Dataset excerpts
###

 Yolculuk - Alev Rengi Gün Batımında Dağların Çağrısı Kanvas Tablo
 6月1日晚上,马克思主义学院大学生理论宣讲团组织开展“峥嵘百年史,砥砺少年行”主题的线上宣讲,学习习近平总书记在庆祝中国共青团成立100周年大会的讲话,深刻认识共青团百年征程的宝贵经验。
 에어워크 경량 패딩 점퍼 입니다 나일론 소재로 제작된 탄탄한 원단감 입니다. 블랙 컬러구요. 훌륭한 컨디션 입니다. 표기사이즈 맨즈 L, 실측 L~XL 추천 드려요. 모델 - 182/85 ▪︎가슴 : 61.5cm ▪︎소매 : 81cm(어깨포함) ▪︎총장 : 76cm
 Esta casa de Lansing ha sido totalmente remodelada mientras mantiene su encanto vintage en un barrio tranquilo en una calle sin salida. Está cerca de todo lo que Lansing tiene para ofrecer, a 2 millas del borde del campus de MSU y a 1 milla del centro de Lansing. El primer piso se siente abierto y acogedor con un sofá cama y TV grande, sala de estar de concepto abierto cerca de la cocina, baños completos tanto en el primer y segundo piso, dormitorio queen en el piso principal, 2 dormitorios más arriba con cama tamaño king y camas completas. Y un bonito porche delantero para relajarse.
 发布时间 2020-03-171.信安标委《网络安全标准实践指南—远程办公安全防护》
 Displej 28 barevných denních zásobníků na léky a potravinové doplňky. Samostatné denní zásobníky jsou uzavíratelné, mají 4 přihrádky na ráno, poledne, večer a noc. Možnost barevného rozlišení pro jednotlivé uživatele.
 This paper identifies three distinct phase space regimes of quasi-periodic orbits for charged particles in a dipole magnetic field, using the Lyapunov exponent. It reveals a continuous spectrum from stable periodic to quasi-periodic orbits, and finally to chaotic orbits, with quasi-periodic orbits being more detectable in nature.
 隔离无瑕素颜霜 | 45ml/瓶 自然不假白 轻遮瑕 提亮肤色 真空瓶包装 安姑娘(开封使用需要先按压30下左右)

###

Task description> Look above for the line holding "Esta casa de", then set down exactly that line and every line after it up to and including the line holding "发布时间 2020-03-1", with nothing else.

Task answer>
 Esta casa de Lansing ha sido totalmente remodelada mientras mantiene su encanto vintage en un barrio tranquilo en una calle sin salida. Está cerca de todo lo que Lansing tiene para ofrecer, a 2 millas del borde del campus de MSU y a 1 milla del centro de Lansing. El primer piso se siente abierto y acogedor con un sofá cama y TV grande, sala de estar de concepto abierto cerca de la cocina, baños completos tanto en el primer y segundo piso, dormitorio queen en el piso principal, 2 dormitorios más arriba con cama tamaño king y camas completas. Y un bonito porche delantero para relajarse.
 发布时间 2020-03-171.信安标委《网络安全标准实践指南—远程办公安全防护》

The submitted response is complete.